Another 6.6M file for unemployment

New one-week Illinois claims caused by coronavirus economic shutdown top 200,000

A 1973 march for jobs along Lake Shore Drive in Chicago. (Wikimedia Commons/John White)

A 1973 march for jobs along Lake Shore Drive in Chicago. (Wikimedia Commons/John White)

By Ted Cox

Another 6.6 million U.S. workers filed for unemployment last week, and Illinois saw new claims rise past 200,000 in the latest weekly jobless report issued Thursday by the U.S. Department of Labor.

According to the Labor Department, last week’s new claims were actually down nationally about 261,000 after the previous week’s figure was revised up from 6,648,000 to 6,867,000. With 3.3 million people having filed the week before that, unemployment claims just over the last three weeks approached 17 million, driven of course by the economic shutdown prompted by the coronavirus pandemic.

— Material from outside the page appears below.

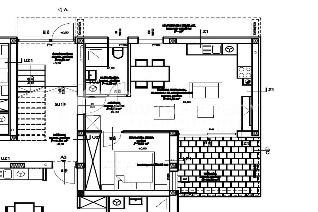 Posredujemo u prodaji novog prizemnog stana Vodice, smještenog na odličnoj lokaciji u blizini plaže i centra. Plaža je udaljena samo 400 metara, dok je centar udaljen 700 metara. Zgradu gradi tvrtka s dugogodišnjim iskustvom u izgradnji kvalitetnih stambenih objekata na području Šibenika. Kupac ne plaća porez na nekretnine. Stan oznake SJ1 nalazi se u prizemlju zgrade. Ima ukupnu korisnu površinu od 54,47 m2, od čega je 39,37 m2 unutarnji prostor, a 15,10 m2 terasa s malim vrtom. Uključujući pripadajući posjed i vanjsko parkirno mjesto, stan ima neto površinu od 45,80 m2. Sastoji se od ulaznog hodnika, kupaonice, spavaće sobe, kuhinje s blagovaonicom i dnevnog boravka s izlazom na terasu.

Before the 3.3 million who filed three weeks ago, the previous national record was 695,000 new claims in a week, set in 1982 during the Reagan recession. Weekly claims records do not go back to the Great Depression, but analysts agree that not even in that collapse did claims rise as abruptly as they have in the COVID-19 crisis.

In Illinois, according to the Labor Department, 200,940 filed for unemployment benefits last week, up from 178,421 the week before and 114,114 the week before that. The department report said losses were heavy in service industries, including accommodation and food services and retail trade.

The Illinois Department of Unemployment Security has struggled to keep pace with those filing claims, and this week Gov. Pritzker advised those who’ve lost their jobs to be persistent and follow alphabetized time slots to file claims in order to not overwhelm the system, or to file in off hours.

Federal relief packages have attempted to stem job losses by offering incentives to businesses that furlough workers rather than laying them off entirely, thus allowing them to maintain health insurance. Just this week, a new study from the Illinois Economic Policy Institute and the Project for Middle Class Renewal at the University of Illinois at Urbana-Champaign suggested that Illinois should make better use of a work-share program enacted in 2014 but never fully implemented by the Rauner administration. That would allow businesses to cut hours for employees, again permitting workers to keep their health insurance, while those workers would be eligible for prorated unemployment benefits.